Behavioral Modeling and Simulation with Experimental Analysis of a Two Stroke Engine Using Nanosized Copper Coated Catalytic Converter

Abstract

A great deal of emphasis is placed on the real societal benefits around nanotechnology for energy efficiency, renewable resources, environmental remediation and pollution prevention. In particular, new and better techniques for pollution control are emerging as nano-particles push the limits and capabilities of technology. Environmental Pollution by vehicles is caused due to tail-pipe exhaust emissions depending on changes in driving cycles, engine condition, fuel composition and air-fuel ratio. Malfunction of engine devices, especially fuel injection system, increases the emissions of the main exhaust components.

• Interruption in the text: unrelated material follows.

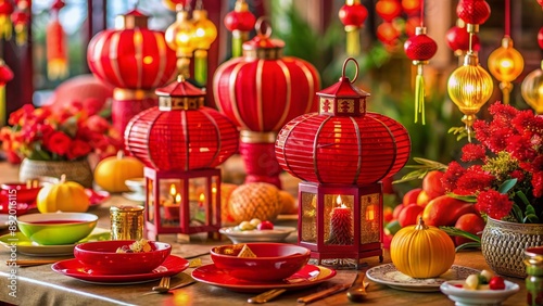 Vibrant decorations, traditional red lanterns, and ornate tableware adorn a colorful table setting, ready for a festive Chinese Lunar New Year family celebration.

In the present work, an improved design more suitable for implementation along with improved performance and efficiency in reducing the exhaust emissions from a four stroke spark ignition engine. In the present work some alterations and modifications have been designed so as to increase the retention period of exhaust gases to provide more time for its oxidation and thereby to reduce the harmful emission. In this research, modeling has been done for a four stroke spark ignition engine with nano-sized copper coated catalytic converter. It will throw a light on the reduction in emission achieved by nano-particle coating. This paper opens a gateway to study the changes in the concentration of exhaust emissions due to the nano-material coating. The modeling will help in understanding the mathematical nature of the process. The behavioral modeling, starts from analyzing the practical behavior of four stroke engine with designed catalytic convertor, and then approximating obtained behavior in terms of mathematical equations. These obtained equations actually represent behavior of concern system. Firstly, mathematical model is developed to implement it in the simulink platform. Then, to verify the results obtained from the model, simulation is performed.